199. Mr Murphy's complaint that the effect of the 1997 amendments was to allow a new class of member to benefit from the C Plan seem to me to be based on a false premise. As members of a money purchase arrangement the new class of members (ie those in the M Plan) benefit only from the contributions made by themselves or their employer. The establishment of the M Plan did not bring with it any diminution of the accrued benefit entitlement of those in the C Plan. It is true that by using surplus monies in the Fund the Principal Employer was for some years able to avoid making additional cash payments (in respect of both C Plan and M Plan members) into the fund. But I have not lost sight of the fact that if the changes in 1997 had not been made the C Plan could have continued to receive new members, as new employees joined IBM, and each one of which could be said to benefit from the C Plan to which hitherto they had not been contributing.

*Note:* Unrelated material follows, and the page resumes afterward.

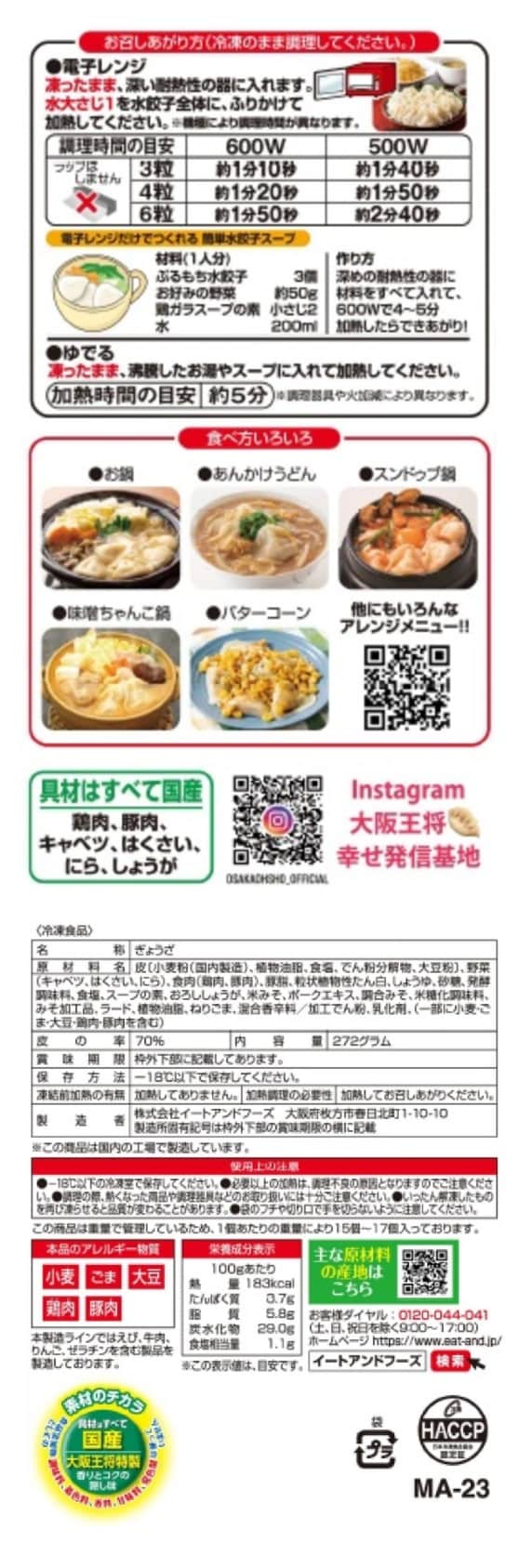 - [冷凍]イートアンドフーズ 大阪王将 ぷるもち水餃子 272g×5袋

The Ombudsman's position is based on the false premise that members in otherwise identical schemes, one with good funding and one without, are in the same position.  The 65,000+ UK scheme members now looking at the Financial Assistance Scheme would say differently.

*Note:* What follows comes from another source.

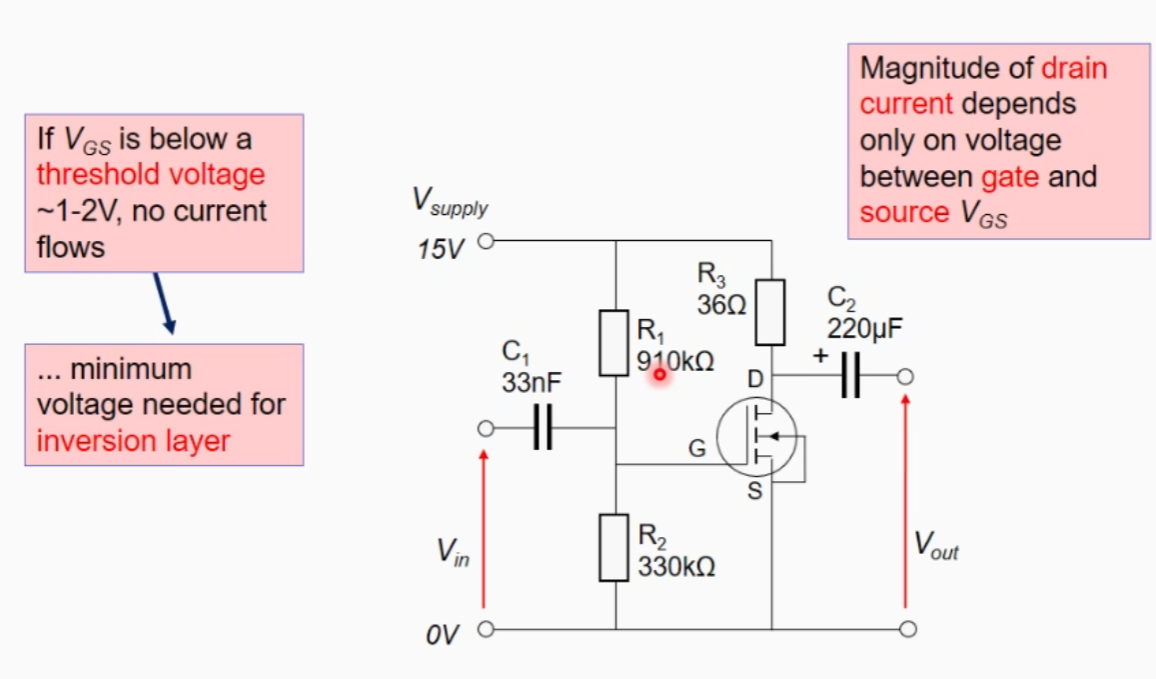 * Vgs is now the input signal and the quiesant voltage, this must be greater than the threshold voltage of around 1-2V to allow current to flow.
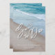 Celebre seu amor pelas praias serenas com nossos Cartões salve a data de Casamento de Praia Elegante. A frente apresenta uma frase delicada e sentida de "Salvar a Data" em uma requintada caligrafia vetorial, simbolizando o amor que o liga. Seus nomes e a data significativa são exibidos elegantemente em branco, acrescentando um toque pessoal a esses convites encantadores. O verso continua a magia com texto personalizado salvando o detalhe da data em um pano de fundo da costa sob o céu azul claro.

The Ombudsman would appear to regard all the legislation about statutory surpluses, and how payments to employers are predicated on the protection from inflation delivered,  to be pointless since "accrued benefit entitlement" is unaffected by them.

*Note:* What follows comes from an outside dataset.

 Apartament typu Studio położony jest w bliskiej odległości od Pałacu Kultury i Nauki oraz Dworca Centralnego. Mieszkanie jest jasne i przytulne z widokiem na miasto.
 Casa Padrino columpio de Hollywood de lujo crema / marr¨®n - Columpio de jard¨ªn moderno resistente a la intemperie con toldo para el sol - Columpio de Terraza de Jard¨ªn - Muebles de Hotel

The final sentence is an interesting example of style - the Ombudsman says he has not lost sight of some fact but does not reason whether the fact helps Mr Murphy's case or not.  Mr Murphy would say that new C-Plan members are crucially different from new M-Plan members because the relation between C-Plan members is that their contributions can help one another whereas the relation between C-Plan and M-Plan members is made one-way by the transfers mechanisms - the C-Planners help the M-Planners but not vice-versa.